Quantization and sharding

You can load the models using quantization by specifying load_in_8bit=True or load_in_4bit=True. Also, sharding on multiple GPUs is possible by setting device_map=auto.

Model Architecture

LlamaForCausalLM(
  (model): LlamaModel(
    (embed_tokens): Embedding(32000, 4096, padding_idx=0)
    (layers): ModuleList(
      (0-31): 32 x LlamaDecoderLayer(
        (self_attn): LlamaAttention(
          (q_proj): Linear(in_features=4096, out_features=4096, bias=False)
          (k_proj): Linear(in_features=4096, out_features=4096, bias=False)
          (v_proj): Linear(in_features=4096, out_features=4096, bias=False)
          (o_proj): Linear(in_features=4096, out_features=4096, bias=False)
          (rotary_emb): LlamaRotaryEmbedding()
        )
        (mlp): LlamaMLP(
          (gate_proj): Linear(in_features=4096, out_features=11008, bias=False)
          (down_proj): Linear(in_features=11008, out_features=4096, bias=False)
          (up_proj): Linear(in_features=4096, out_features=11008, bias=False)
          (act_fn): SiLUActivation()
        )
        (input_layernorm): LlamaRMSNorm()
        (post_attention_layernorm): LlamaRMSNorm()
      )
    )
    (norm): LlamaRMSNorm()
  )
  (lm_head): Linear(in_features=4096, out_features=32000, bias=False)
)

Model Configuration

This model was trained using H2O LLM Studio and with the configuration in cfg.yaml.

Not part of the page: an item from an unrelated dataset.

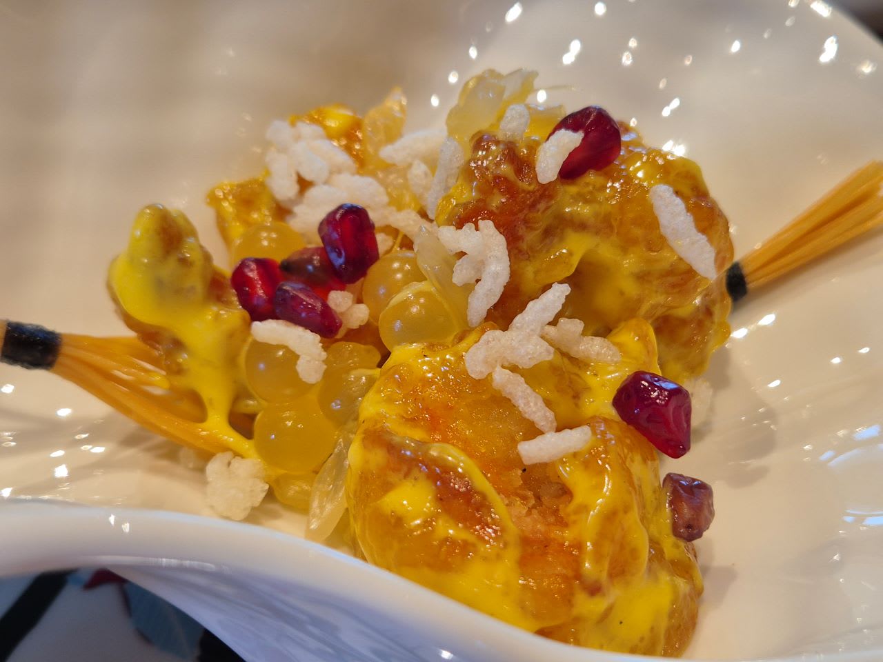 这道人气菜式深获大家的青睐!爽脆口感的炸虾球,沾满特制芒果美乃滋,撒上的“点缀担当”,包括一咬破能尝到“芒果汁”的珍珠以及石榴,更是锦上添花,在口腔的小世界里形成美妙的口感。

Visit H2O LLM Studio to learn how to train your own large language models.

Disclaimer

Please read this disclaimer carefully before using the large language model provided in this repository. Your use of the model signifies your agreement to the following terms and conditions.

By using the large language model provided in this repository, you agree to accept and comply with the terms and conditions outlined in this disclaimer. If you do not agree with any part of this disclaimer, you should refrain from using the model and any content generated by it.